What is being asked
Skip the pictures. Return exactly the lines from the one containing "Una delle principali" through the end of the entries below.

[Stored items from a collection]
====

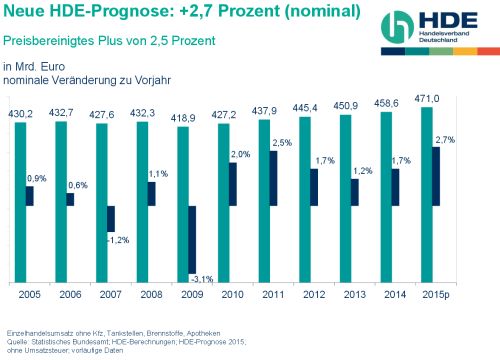 „Die Arbeitsmarktdaten sind gut, die Realeinkommen steigen und die Preissteigerungen sind moderat“, sagt HDE-Präsident Josef Sanktjohanser. Insgesamt sollen 2015 durch die guten Rahmenbedingungen 471 Mrd Euro in die Kassen der deutschen Einzelhändler gespült werden. Das sind 2,7% mehr als im Vorjahr (Grafik: HDE).
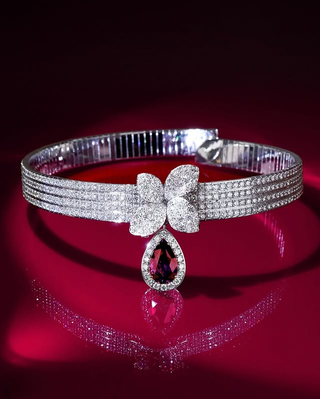 Единственная дочь индийского бизнесмена Isha Ambani в винтажном платье Valentino и редчайших розовых бриллиантах от Lorraine Schwartz. Это по-настоящему коллекционные камни, цена которых может превышать сотни миллионов долларов. Яркая бархатная лента с более 50 карат розовых бриллиантов — одного из самых редких цветов, в которых бриллианты могут встречаться естественно. Кольцо с синим бриллиантовым кольцом было поистине исключительным. Розовые, синие и белые бриллианты вместе образуют одну из самых редких цветовых комбинаций, которые вы когда-либо увидите на красной дорожке — каждый камень символизирует уникальное чудо природы, сформировавшееся глубоко внутри Земли на протяжении миллиардов лет. Подвешенные на бархате, бриллианты почти напоминали парящие созвездия света, превращая ожерелье в символ чистого высокого ювелирного искусства.
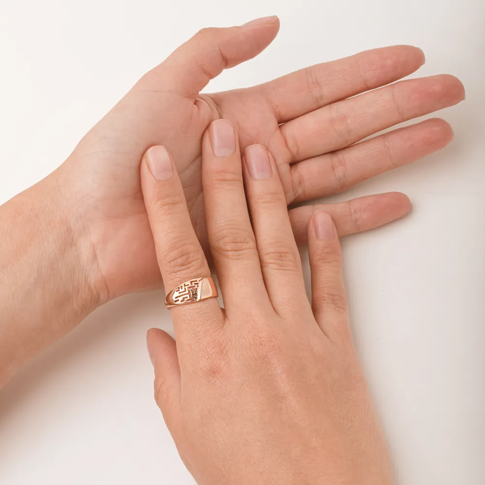 Кольцо печатка из красного золота с фианитами 902901-1102
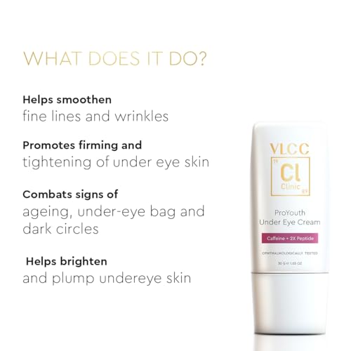 • 4) FADES SIGNS OF AGEING: VLCC Pro Youth Eye Cream is enriched with peptides known for its hydrating and anti-aging benefits that help increase collagen protection to plump and smoothen skin texture. It also helps reduce fine lines and wrinkles for firm u
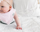These stylish drool bibs are made of 100% absorbent cotton on the front and 100% polyester fleece on the back. The front of the baby bib is a stylish knit fabric and the back is a super soft fleece that keeps your baby completely dry even with the drooliest of babies. Great for teething babies!
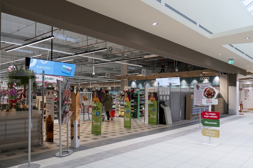 Una delle principali novità riguarda il trasferimento della parafarmacia e dell’ottica all’interno dell’area vendita, dove compongono un unico percorso dedicato al benessere e alla cura della persona. La scelta risponde alle esigenze dei clienti e replica un modello già sperimentato con successo in altri punti vendita: la possibilità di accedere a questi servizi durante la spesa, senza uscire dall’ipermercato, consente di ottimizzare i tempi ed evita code o spostamenti tra aree differenti della struttura. Gli spazi precedentemente occupati dalla parafarmacia sono ora destinati a Novapoint e Spazio Soci, collocati in galleria di fronte all’ingresso principale con un’area rinnovata e più accogliente.
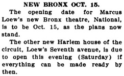 The opening date for Marcus Loew‘s Bronx theatre, National,
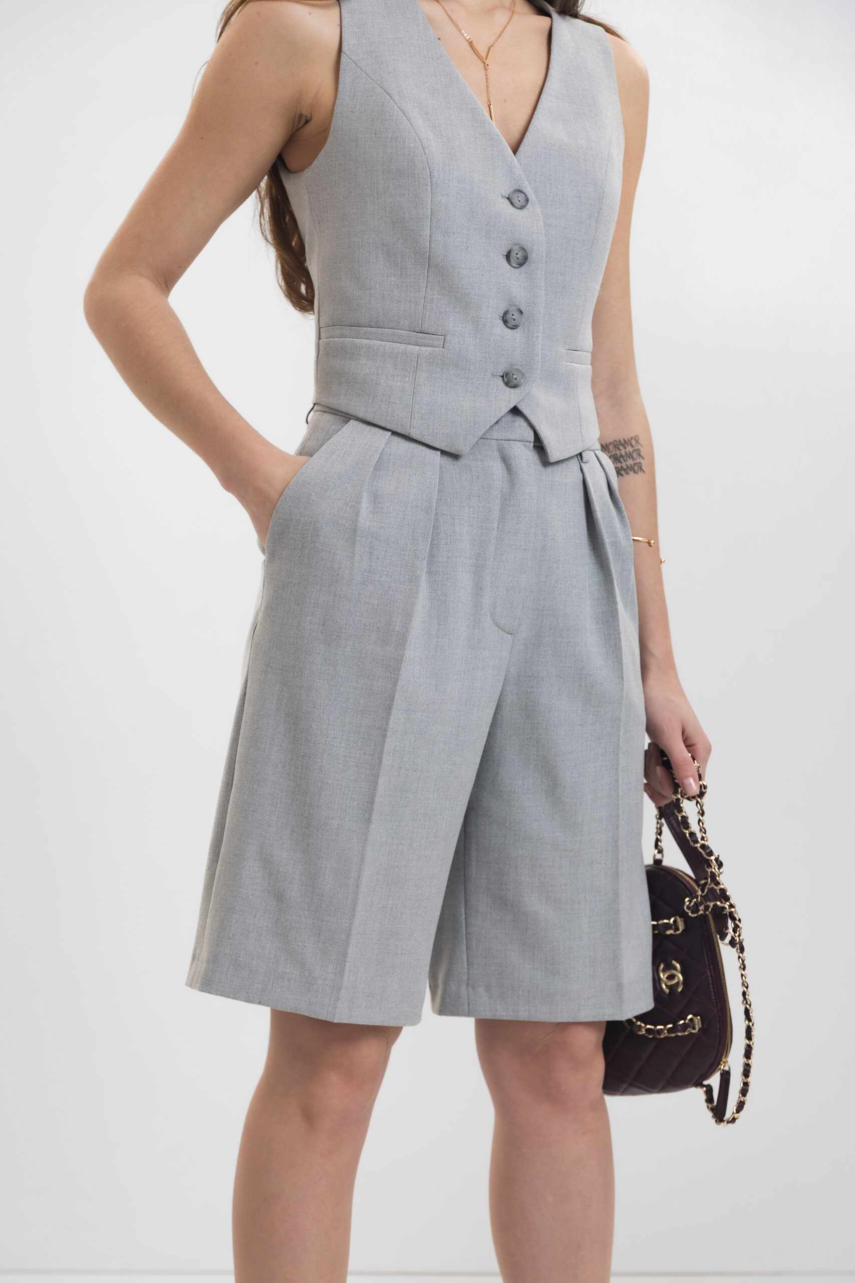 Безпрограшний фасон: світло-сірі бермуди — це завжди актуально і стильно. Вони легко поєднуються з іншими елементами гардеробу, дозволяючи вам створювати різноманітні образи для будь-якого випадку.

====

Problem solution
 Una delle principali novità riguarda il trasferimento della parafarmacia e dell’ottica all’interno dell’area vendita, dove compongono un unico percorso dedicato al benessere e alla cura della persona. La scelta risponde alle esigenze dei clienti e replica un modello già sperimentato con successo in altri punti vendita: la possibilità di accedere a questi servizi durante la spesa, senza uscire dall’ipermercato, consente di ottimizzare i tempi ed evita code o spostamenti tra aree differenti della struttura. Gli spazi precedentemente occupati dalla parafarmacia sono ora destinati a Novapoint e Spazio Soci, collocati in galleria di fronte all’ingresso principale con un’area rinnovata e più accogliente.
 The opening date for Marcus Loew‘s Bronx theatre, National,
 Безпрограшний фасон: світло-сірі бермуди — це завжди актуально і стильно. Вони легко поєднуються з іншими елементами гардеробу, дозволяючи вам створювати різноманітні образи для будь-якого випадку.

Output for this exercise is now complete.